O wyrażanie jednoznacznego protestu w sprawie raportu Komitetu Narodów Zjednoczonych ds. Praw Dziecka w Genewie apeluje Austin Ruse, szef Katolickiego Instytutu Praw Człowieka i Rodziny ( C-FAM) z siedzibami w Nowym Jorku i Waszyngtonie.

"ONZ nakazuje Kościołowi, by pozwolił dzieciom na seks” Raport ONZ to część kampanii wymierzonej przeciw Stolicy Apostolskiej xlibber / CC 2.0

Zdaniem znanego obrońcy życia i rodziny, oenzetowscy autorzy dokumentu jednoznacznie nakazują Kościołowi katolickiemu, by zrezygnował ze swego nauczania w takich kwestiach jak antykoncepcja, aborcja czy homoseksualizm. „Komitet ONZ nakazuje Kościołowi, by pozwolił dzieciom na seks i aborcję” – streszcza dosadnie raport amerykański działacz.

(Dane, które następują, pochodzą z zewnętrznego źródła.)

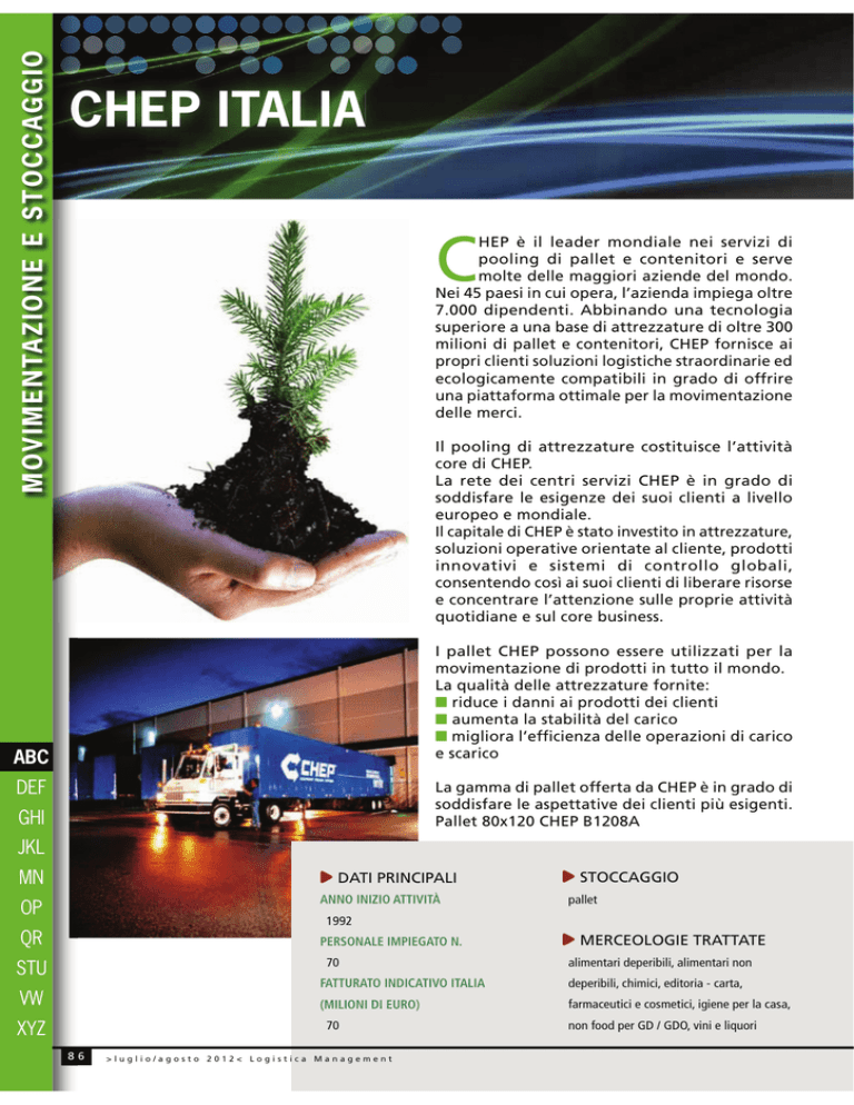 M OV I M E N TAZ I ON E E ST OC C A G GI O CHEP ITALIA C HEP è il leader mondiale nei servizi di pooling di pallet e contenitori e serve molte delle maggiori aziende del mondo. Nei 45 paesi in cui opera, l’azienda impiega oltre 7.000 dipendenti. Abbinando una tecnologia superiore a una base di attrezzature di oltre 300 milioni di pallet e contenitori, CHEP fornisce ai propri clienti soluzioni logistiche straordinarie ed ecologicamente compatibili in grado di offrire una piattaforma ottimale per la movimentazione delle merci. Il pooling di attrezzature costituisce l’attività core di CHEP. La rete dei centri servizi CHEP è in grado di soddisfare le esigenze dei suoi clienti a livello europeo e mondiale. Il capitale di CHEP è stato investito in attrezzature, soluzioni operative orientate al cliente, prodotti innovativi e sistemi di controllo globali, consentendo così ai suoi clienti di liberare risorse e concentrare l’attenzione sulle proprie attività quotidiane e sul core business. I pallet CHEP possono essere utilizzati per la movimentazione di prodotti in tutto il mondo. La qualità delle attrezzature fornite: riduce i danni ai prodotti dei clienti aumenta la stabilità del carico migliora l’efficienza delle operazioni di carico e scarico ABC DEF La gamma di pallet offerta da CHEP è in grado di soddisfare le aspettative dei clienti più esigenti. Pallet 80x120 CHEP B1208A GHI JKL MN DATI PRINCIPALI ANNO INIZIO ATTIVITÀ OP STOCCAGGIO pallet 1992 QR PERSONALE IMPIEGATO N. 70 STU VW XYZ alimentari deperibili, alimentari non FATTURATO INDICATIVO ITALIA deperibili, chimici, editoria - carta, (MILIONI DI EURO) farmaceutici e cosmetici, igiene per la casa, 70 86 MERCEOLOGIE TRATTATE >luglio/agosto 2012< Logistica Management non food per GD / GDO, vini e liquori w ww. c hep . c o m CHEP ITALIA SRL Pallet 100x120 CHEP B1210A Pallet 80x60 CHEP B0806A Pallet display 60x40 CHEP P0604A Il pooling di attrezzature consiste nell’utilizzo condiviso dei pallet e dei contenitori standard di alta qualità da parte di più clienti. Il pooling offre alle aziende un’opzione strategica in grado di ridurre i costi e migliorare l’efficienza della supply chain. CENTRO SERVIZI 1. CHEP invia ai produttori pallet e contenitori pronti all’uso. PRODUTTORE 2. I produttori caricano i propri prodotti sui pallet e contenitori CHEP e li spediscono ai loro clienti. Viale Fulvio Testi 280 20126 Milano Tel. 02 66154811 Fax 02 66154825 [email protected] www.chep.com CONTATTO Paola Monisso marketing Tel. 02 66154811 [email protected] GRUPPO Brambles sede Australia DISTRIBUTORE 3. Il distributore scarica le merci e rende disponibili i pallet e i contenitori per la raccolta da parte di CHEP, che li porta al più vicino centro servizi. CENTRO SERVIZI 4. CHEP ispeziona tutti i pallet e i contenitori raccolti e ne effettua la manutenzione per garantire che soddisfino i più elevati standard di qualità. Le attrezzature ispezionate e riparate sono di nuovo pronte all’uso. CHEP è impegnata nella sostenibilità ambientale: il nostro obiettivo è migliorare l’efficienza e la sostenibilità della supply chain attraverso servizi e prodotti mirati. SERVIZI OFFERTI consulenza, affitto / noleggio ASSISTENZA NELLE LOCALITÀ 14 centri servizi sparsi su tutto il territorio nazionale che raccolgono, ispezionano, riparano e ricondizionano i pallet per rimetterli a nuovo per i clienti Logistica Management >luglio/agosto 2012< 87

Ruse przypomina, że „ten alarmujący, a nawet obrzydliwy raport” powstał po tym, jak przez 8 godzin Komitet przesłuchiwał przedstawicieli Watykanu. Zwraca też uwagę, że działania te są powiązane z kampanią, jaką zainicjowała pseudokatolicka, proaborcyjna organizacja "Catholics for Choice". Celem kampanii „See Change Campaign” jest usunięcie Stolicy Apostolskiej z Organizacji Narodów Zjednoczonych i zredukowanie statusu Stolicy Apostolskiej z obserwatora do zwykłej organizacji pozarządowej. W ten sposób ograniczony mógłby zostać wpływ głównego obrońcy życia i rodziny na kształt uchwalanych regulacji międzynarodowych. Wśród organizacji, którym najbardziej zależy na ograniczeniu roli Watykanu w tym międzynarodowym gremium Ruse wymienia takie wpływowe instytucje jak: Federacja Planowego Rodzicielstwa (PPF), proaborcyjna grupa Marie Stopes International, Centrum Praw Reprodukcyjnych i zajmująca się edukacją seksualną SIECUS (Sexuality Information and Education Council of the United States).

Ruse wzywa do wyrażenia swego stanowiska i włączenia się do kampanii w obronie Stolicy Apostolskiej przy ONZ. Swą deklarację poparcia można podpisać na stronie www.defendtheholysee.com. Jednocześnie zwraca uwagę, że deklarację poparcia mogą podpisywać nie tylko katolicy, ale ludzie różnych wyznań i religii, którym zależy na obronie wolności religijnej, życia i rodziny.